Figure 3-7: Selecting data and starting the analysis.

image

Figure 3-8: The option settings for the analysis.

image

Figure 3-9: The results of the simple hour analysis.

Inside the box, the text on the far left is the label you gave to the variable. The column labeled N is the number of data items included in the calculations. You can tell from the minimum and maximum that the earliest the ice has ever let go was during the 5 a.m. hour, but it has also been known to happen after 11 p.m.

The value for the standard deviation is calculated according to the degree of variation from a perfect fit on a bell curve.

There’s more bell-curve stuff to diddle with: Go back through the same procedure again, but this time change the options in Step 4. Remove maximum and minimum and instead enable Kurtosis and Skewness. Those are not rude words (and, no, we didn’t just make them up); they’re types of statistics. As shown in Figure 3-10, the results have two new values.

image

Figure 3-10: New analysis showing kurtosis and skewness.

Both values also have to do with the bell curve. Skewness represents the symmetry of the data. A positive skewness indicates that more of the data appears to the high end, or the right, on the graph. A negative value indicates a skew to the lower values. Kurtosis has to do with the flatness of the curve. If the data implies a curve flatter than the bell curve, the kurtosis value is negative. If, on the other hand, the data inscribes a curve that is more pointed on top than the bell curve, the kurtosis value is positive.

Transforming Data

The previous example looks at only the hours, but it’s also possible to include minutes. Clock arithmetic is tricky (it’s that 60-minutes-per-hour thing) but SPSS can work with it if you tell it what you’re doing.

In the next example, we combine the separate hour and minutes fields into a new field that contains both. SPSS is good at transforming data this way. To build the new field, do the following:

  1. In the Data Editor window, choose Transform ⇒ Date and Time Wizard.

    The window shown in Figure 3-11 appears.

  2. Select the Create a Date/Time Variable from Variables Holding Parts of Dates or Times option.
  3. Click Next.
  4. Put the names of the variables into the appropriate fields.

    We want only the hours and minutes, so ignore the others. You move them by selecting the one you want from the list on the left, and then clicking the arrow next to the place you want it to go. When you’re finished, the screen should look like Figure 3-12.

  5. Click Next.
  6. Enter a name and a label for the variable. Also select a display format from the list.

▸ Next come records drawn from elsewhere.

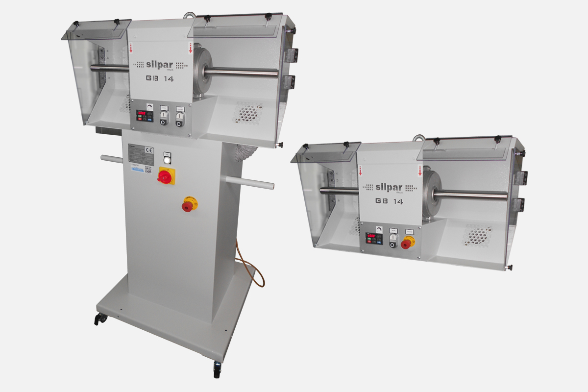 Spazzolatrice/cardatrice da banco per la cardatura e lucidatura di piccoli pezzi di pelletteria.
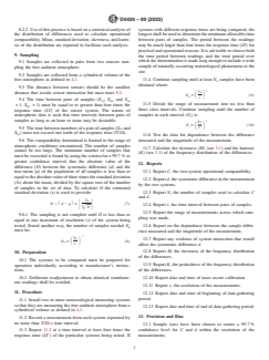 ASTM D4430-00(2023) is a standard published by ASTM International. Its full title is "Standard Practice for Determining the Operational Comparability of Meteorological Measurements". This standard covers: SIGNIFICANCE AND USE 5.1 This practice provides data needed for selection of instrument systems to measure meteorological quantities and to provide an estimate of the precision of measurements made by such systems. 5.2 This practice is based on the assumption that the repeated measurement of a meteorological quantity by a sensor system will vary randomly about the true value plus an unknowable systematic difference. Given infinite resolution, these measurements will have a Gaussian distribution about the systematic difference as defined by the Central Limit Theorem. If it is known or demonstrated that this assumption is invalid for a particular quantity, conclusions based on the characteristics of a normal distribution must be avoided. SCOPE 1.1 Sensor systems used for making meteorological measurements may be tested for laboratory accuracy in environmental chambers or wind tunnels, but natural exposure cannot be fully simulated. Atmospheric quantities are continuously variable in time and space; therefore, repeated measurements of the same quantities as required by Practice E177 to determine precision are not possible. This practice provides standard procedures for exposure, data sampling, and processing to be used with two measuring systems in determining their operational comparability (1,2).2 1.2 The procedures provided produce measurement samples that can be used for statistical analysis. Comparability is defined in terms of specified statistical parameters. Other statistical parameters may be computed by methods described in other ASTM standards or statistics handbooks (3). 1.3 Where the two measuring systems are identical, that is, same make, model, and manufacturer, the operational comparability is called functional precision. 1.4 Meteorological determinations frequently require simultaneous measurements to establish the spatial distribution of atmospheric quantities or periodically repeated measurement to determine the time distribution, or both. In some cases, a number of identical systems may be used, but in others a mixture of instrument systems may be employed. The procedures described herein are used to determine the variability of like or unlike systems for making the same measurement. 1.5 This standard does not purport to address the safety concerns, if any, associated with its use. It is the responsibility of the user of this standard to establish appropriate safety, health, and environmental practices and determine the applicability of regulatory limitations prior to use. (See 8.1 for more specific safety precautionary information.) 1.6 This international standard was developed in accordance with internationally recognized principles on standardization established in the Decision on Principles for the Development of International Standards, Guides and Recommendations issued by the World Trade Organization Technical Barriers to Trade (TBT) Committee.
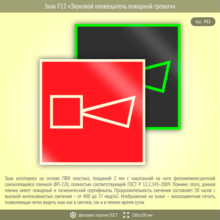 Знак F11 «Звуковой оповещатель пожарной тревоги» на фотолюминесцентном пластике по ГОСТ 34428-2018, размером 100х100 мм обозначает место расположения оповещателя в случае пожара. Знаки пожарной безопасности изготовлены согласно ГОСТ Р 12.4.026-2015 и предназначены для обозначения мест нахождения средств противопожарной защиты и средств оповещения о возникновении пожара
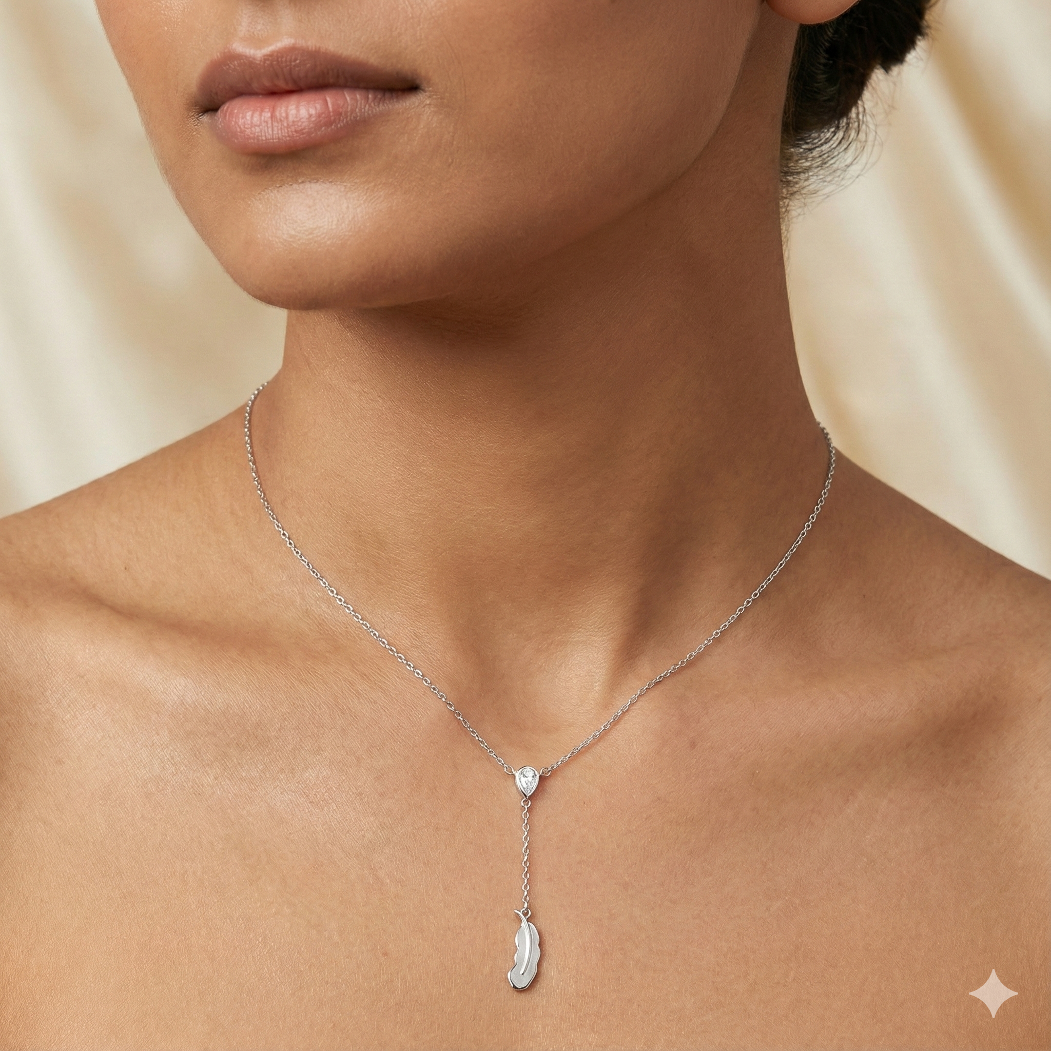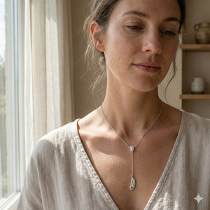 Layer the Feather Grace Drop Necklace with fine chains or pair with a simple blouse for understated elegance. It transitions smoothly from casual outings to sophisticated evening events.

    To follow along with the example, type time in the Result Variable box, type hour and minute in the Variable Label box, and then select hh:mm from the Output Format list, as shown in Figure 3-13.

  7. Select the Create the Variable Now option, and then click the Finish button.

    You’ve created your new time data field. The result is shown in Figure 3-14.

image

Figure 3-11: The Date and Time Wizard.

image

Figure 3-12: Selection of the variables from which time is structured.

image

Figure 3-13: The name and display format for times.

image

Figure 3-14: The Data Editor window with the new time field.

You may notice that after you click the Finish button, the SPSS Statistics Viewer window may appear. This window shows a log of the steps the program has performed. To continue, click back into the Data Editor window.

Now follow the same procedure as before by choosing Analyze ⇒ Descriptive Statistics ⇒ Descriptives. But in Step 2, select only the new time field so you can see how SPSS handles different combinations of values. In the results, look at the difference in the two means: When the minutes are included, the mean moves to a time a bit later (as one would expect). It’s now at 15:03 (3:03 p.m.) instead of 2-something. Whether that difference is statistically significant is up to you.

The Two Kinds of Numbers

With this example data so far, we’ve dealt with continuous variables (amounts and distances, such as age, gallons of gas, and the number of beans in a jar). The other type is categorical variables (where each value represents a category — for example, yes and no [where, for example, yes is 1 and no is 0] and types of balls [where 1 is a football, 2 is a soccer ball, 3 is a snooker ball, and so on]).

All the variables in this example — except the number indicating the month — are continuous variables. We tend to think of the months by their names instead of numbers, but you have to use the number of the month to do any calculations. If you want the name displayed, you have to assign a descriptive name for each possible value. That’s easy to do with this data because we have only two values: 4 and 5.

To add identifiers for the values, do the following:

  1. In the Data Editor window, click the Variable View tab and then select the cell in the Values column of the variable holding the month values.
  2. Click the button that appears in the cell.
  3. For each possible value, enter the value and the name you want associated with it, and then click Add.

    The value, with its identifier, appears in the list, as shown in Figure 3-15.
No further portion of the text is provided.